Stored items from a collection —
------------------------------------------------------------

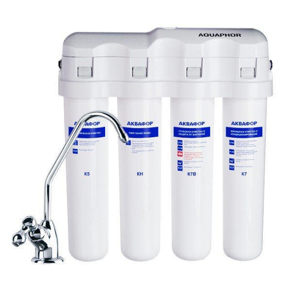Обратноосмотические фильтры используются для абсолютной защиты от накипи, т.к. полностью устраняют соли жесткости из воды.нетЧисло ступеней очисткиКартриджи последовательно очищают воду и от видимых примесей, и от растворенных. Первый картридж задерживает более крупные частицы, а каждый последующий - более мелкие. Чем больше ступеней - тем лучше фильтр очистит воду: поймает более мелкие видимые частицы ржавчины, песка и ила, успеет захватить из воды максимум растворенных примесей - хлора, нитратов, тяжелых металлов и других.5МинерализацияПроисходит после финишной очистки воды. Необходима прежде всего в фильтре обратного осмоса, поскольку такой фильтр полностью устраняет из воды все примеси, в том числе минералы. Минералы добавляются в оптимальной концентрации - для пользы и привычного вкуса воды.нетПостфильтрацияФинальный этап очистки воды: картриджи постфильтрации удаляют самые мелкие механические частицы и кондиционируют воду, придавая ей более приятный вкус.нетНакопительная емкостьОбычно нужна в фильтрах обратного осмоса. Глубокая фильтрация требует времени. Чтобы Вам не приходилось ждать, пока вода наберется в чайник или кастрюлю, почти во всех моделях используется накопительный бак для чистой воды или другая емкость. В стандартном фильтре обратного осмоса под мойку воды в баке достаточно для семьи из 5-6 человек.нетФильтрующий модуль в комплектедаОтдельный крандаДавление в водопроводе не более, атмМаксимальное давление воды на входе в систему, при котором возможна стабильная работа фильтра.6,5Ширина, смОбратите внимание на габариты фильтра, и измерьте, сколько свободного пространства в предполагаемом месте установки.37,7Глубина, смОбратите внимание на габариты фильтра, и измерьте, сколько свободного пространства в предполагаемом месте установки.9,2Защита корпуса от гидроударовдаИсходная водаЖесткая вода – вода с избытком минеральных солей. От нее появляется накипь в чайнике, известковый налет на сантехнике и разводы на посуде. Мягкая вода – та, в которой мало минеральных солей. Нет накипи в чайнике и разводов на посуде. Фильтры для мутной воды и фильтры от ржавчины, как правило, имеют несколько стадий очистки и дополнительный полипропиленовый картридж. Он задерживает механические частицы ила, песка и ржавчины и защищает картриджи более глубокой очистки.жёсткаяУстраняет мутностьМутность водопроводной воды может говорить о том, что в ней много мелких механических частиц. Важно, чтобы в фильтре был установлен дополнительные картридж механической предфильтрации (полипропиленовый) - он продлит жизнь остальным картриджам более тонкой очистки.даУстраняет ржавчину, бурый осадокЛюбой фильтр под мойку удалит из воды крупные и мелкие частицы ржавчины. Некоторые фильтры имеют повышенный ресурс по железу: они дольше служат в такой воде, поскольку лучше подходят для удаления из воды железа и механических частиц ржавчины.даЗащита от бактерийВсе проточные фильтры в той или иной степени защищают от бактерий. Например, добавление серебра препятствует их размножению. Это стандартная степень защиты. Если в семье есть дети, пожилые люди или аллергики, воду рекомендуется обеззараживать, то есть полностью удалять микроорганизмы. Повышенную защиту от бактерий дают фильтры с половолоконной мембраной. Это пучок труб
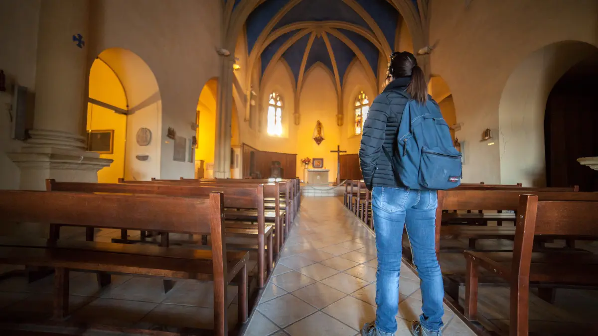 3. A l’oratoire « Recouvrement de Jésus » tourner à gauche, direction « Saint-Joseph ». A l’intersection, tourner à droite direction « Monastère de St Joseph » puis se faufiler sur le petit sentier (panneau Pèlerin) derrière la citerne CTC9. Regagner le bitume dans le virage en épingle. Traverser le parking pour visiter l’église et la source. Revenir sur vos pas pour rejoindre l’oratoire « Recouvrement de Jésus ».
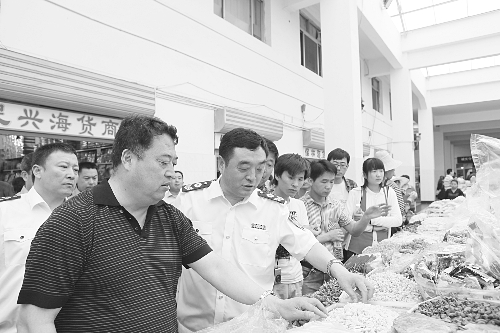 为做好暑期食品安全保障工作,为游客、市民创造更加安全的食品消费环境,秦皇岛市开展了暑期食品安全大检查,突出暑期旅游景区周边、城乡接合部、农家乐旅游等重点区域,农产品生产基地、食品生产经营企业、集贸市场、宾疗招等重点企业,深入开展风险排查和隐患治理工作。图为近日秦皇岛市食安办主任、市食药监局局长纪振勇检查北戴河石塘路市场。
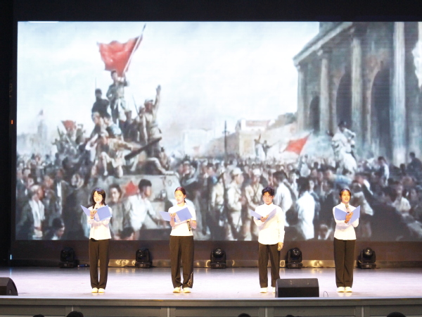 教育科学学院学生代表带来的红色诗歌诗朗诵《不朽》,用深情的语调致敬先烈。
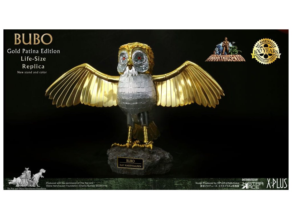 Ze světa Raye Harryhausena a klasického filmu Konflikt titánů přichází detailní reprodukce mechanické sovy, kterou vytvořili bohové. Star Ace představuje tuto životní velikosti Bubo, sběratelský předmět navržený tak, aby zachytil vzhled původního rekvizity použitého ve filmu. Tato replika měří 30 cm na výšku, což odpovídá měřítku originálu. Hlava a nohy jsou artikulované a zahrnuje dvě páry vyměnitelných křídel: jeden pár složený pro odpočinkovou polohu a jeden pár s otevřenými křídly pro aktivnější zobrazení. Figurka má simulovanou zlatou patinovou barvu, která odráží stáří originální rekvizity. Je vyrobena z vinylu a je dodávána s polyresinovou základnou, která zahrnuje jmennou tabulku. Souprava obsahuje figurku Bubo, oba páry křídel a zobrazovací základnu. Tento oficiálně licencovaný produkt je významnou položkou pro sběratele filmových památek a klasické fantasy. Orientační datum vydání: srpen 2026
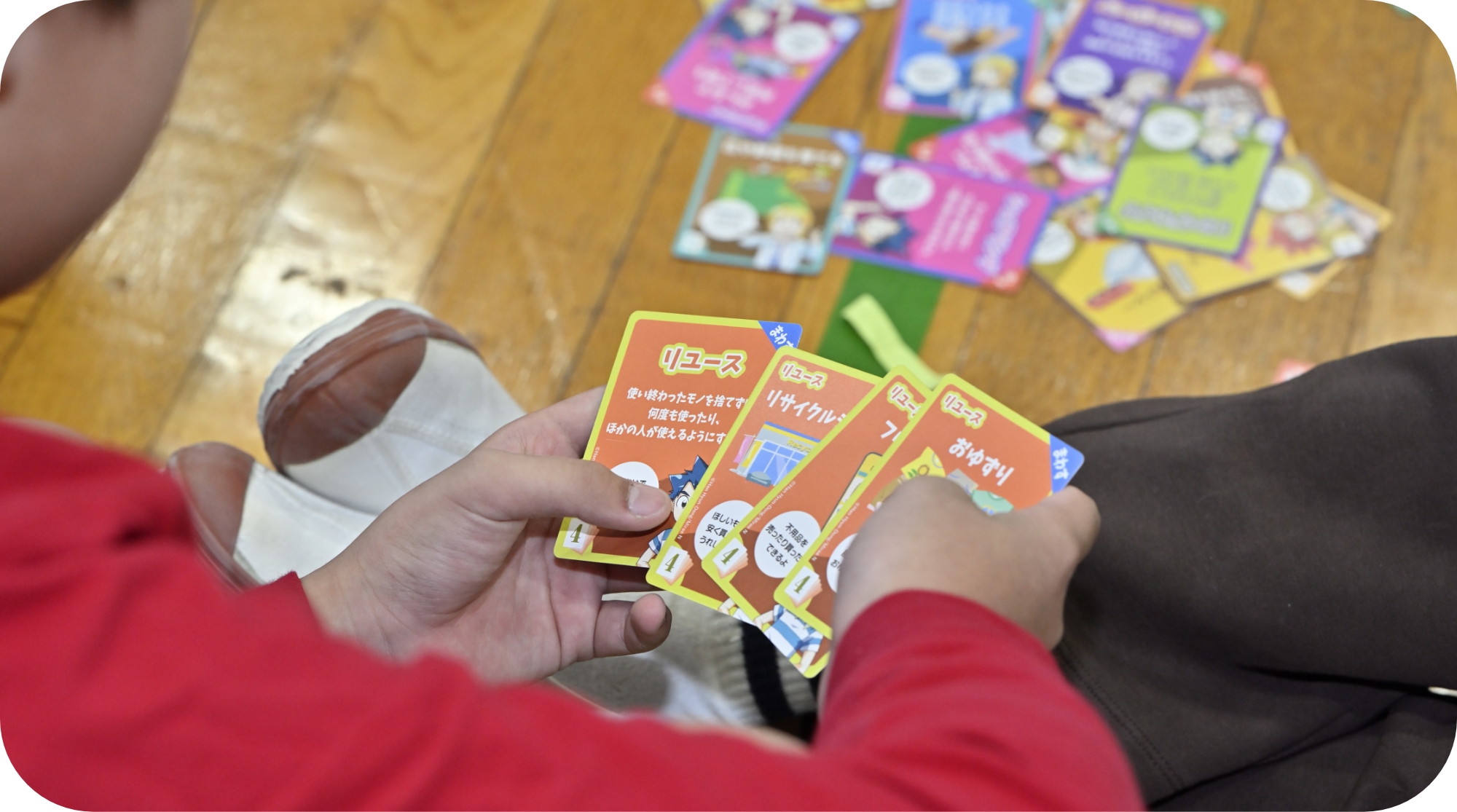 神宝小学的学生们仔细翻看小册子,很快就找到了对应的页码,这让讲师今井女士非常惊讶。带班老师们也加入其中,让卡牌游戏变得更加有趣。游戏结束后,孩子们摊开卡牌热烈讨论,“我已经做到再利用了哟”、“什么是本地生产本地消费”,并思考今后要采取的行动。
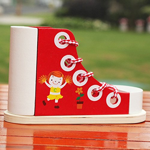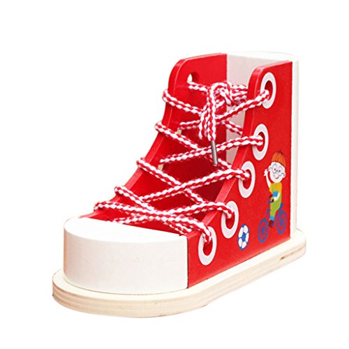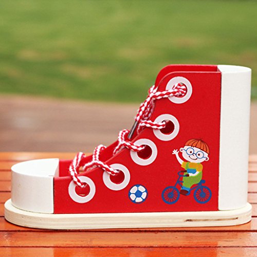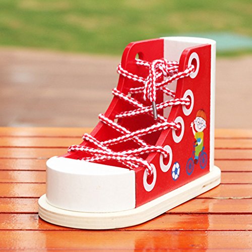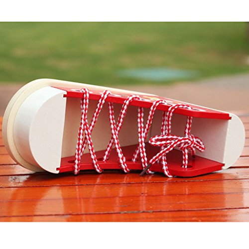 Lovoski 木製 靴 ネクタイ 靴ひも 学習 子供 教育玩具 実用 礼物 レッド
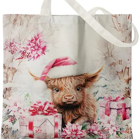 Christmas Santa hat Highland Cow Canvas Tote Bag
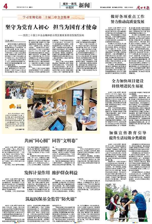 教育兴则国家兴,教育强则国家强。党的二十届三中全会对统筹推进教育科技人才体制机制一体改革作出部署,连日来,市城乡一体化示范区教育系统迅速掀起学习贯彻党的二十届三中全会精神热潮。大家纷纷表示,要学习好、贯彻好党的二十届三中全会精神,坚守为党育人初心、担当为国育才使命,以深化改革充分激发创新活力、动力,全面贯彻党的教育方针,推动示范区教育高质量发展,办好人民满意的教育。
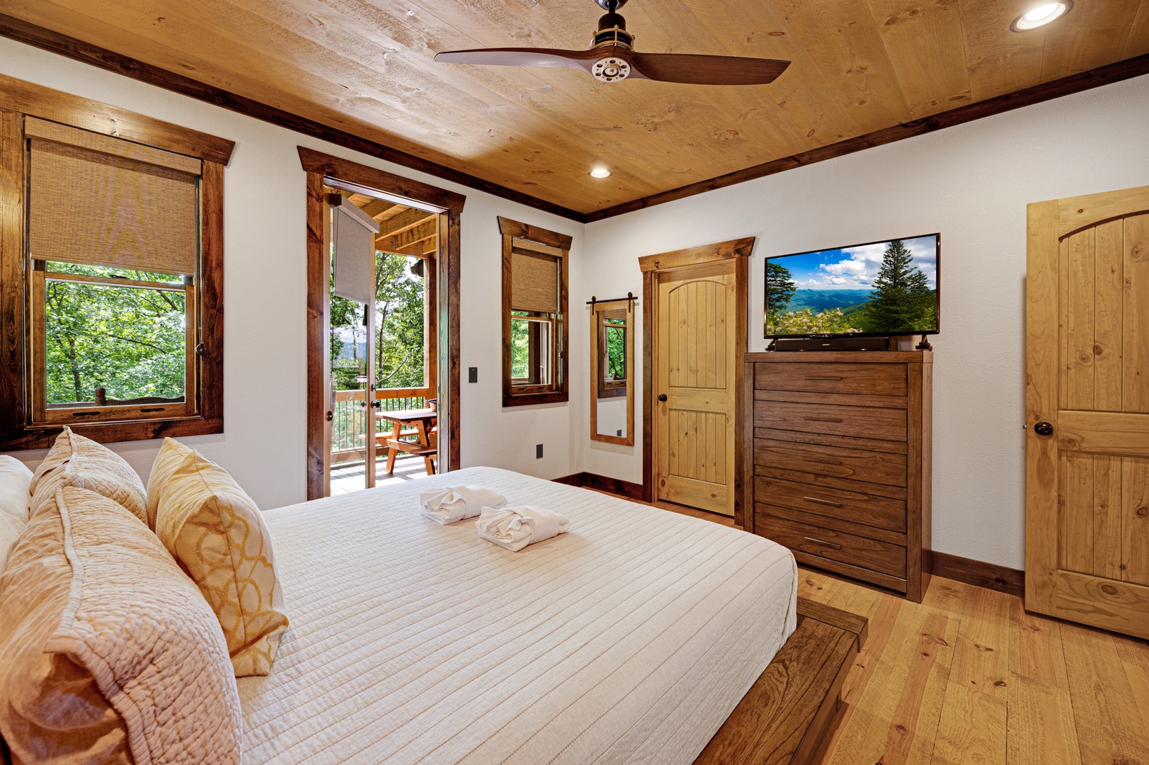 Mountain Echoes- Bedroom with deck access a dresser and TV
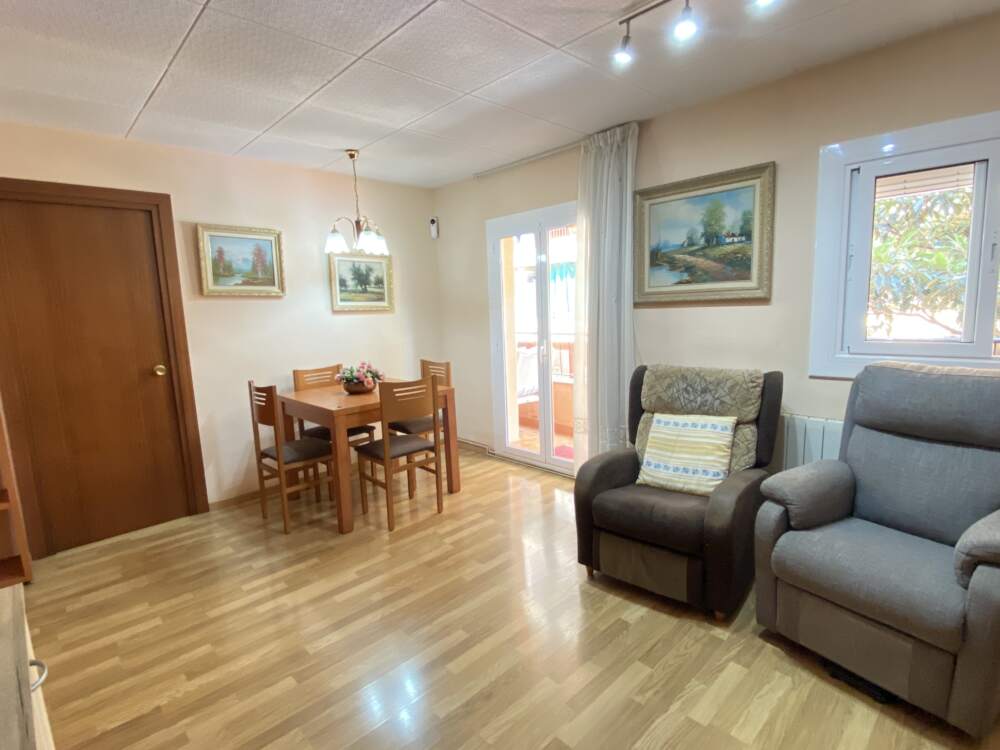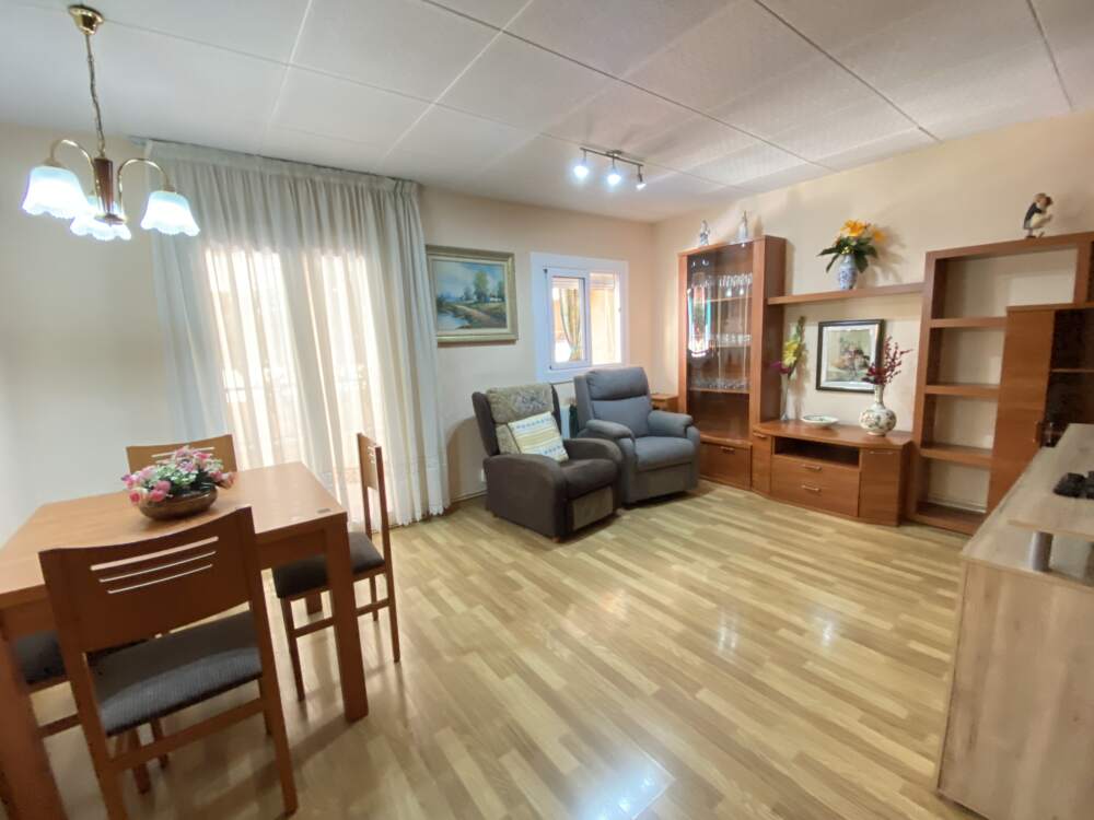 63 m² bien distribuidos: 2 habitaciones (1 doble + 1 individual). En origen eran 3, pero una se integró al salón para crear un espacio acogedor y funcional de 16 m².

------------------------------------------------------------

PROBLEM DETAILS — Pictures do not belong in your copy; restate word for word the lines from the one containing "神宝小学的学生们仔细翻看小册" through the last line of the records above.

TASK RESPONSE —
 神宝小学的学生们仔细翻看小册子,很快就找到了对应的页码,这让讲师今井女士非常惊讶。带班老师们也加入其中,让卡牌游戏变得更加有趣。游戏结束后,孩子们摊开卡牌热烈讨论,“我已经做到再利用了哟”、“什么是本地生产本地消费”,并思考今后要采取的行动。
 Lovoski 木製 靴 ネクタイ 靴ひも 学習 子供 教育玩具 実用 礼物 レッド
 Christmas Santa hat Highland Cow Canvas Tote Bag
 教育兴则国家兴,教育强则国家强。党的二十届三中全会对统筹推进教育科技人才体制机制一体改革作出部署,连日来,市城乡一体化示范区教育系统迅速掀起学习贯彻党的二十届三中全会精神热潮。大家纷纷表示,要学习好、贯彻好党的二十届三中全会精神,坚守为党育人初心、担当为国育才使命,以深化改革充分激发创新活力、动力,全面贯彻党的教育方针,推动示范区教育高质量发展,办好人民满意的教育。
 Mountain Echoes- Bedroom with deck access a dresser and TV
 63 m² bien distribuidos: 2 habitaciones (1 doble + 1 individual). En origen eran 3, pero una se integró al salón para crear un espacio acogedor y funcional de 16 m².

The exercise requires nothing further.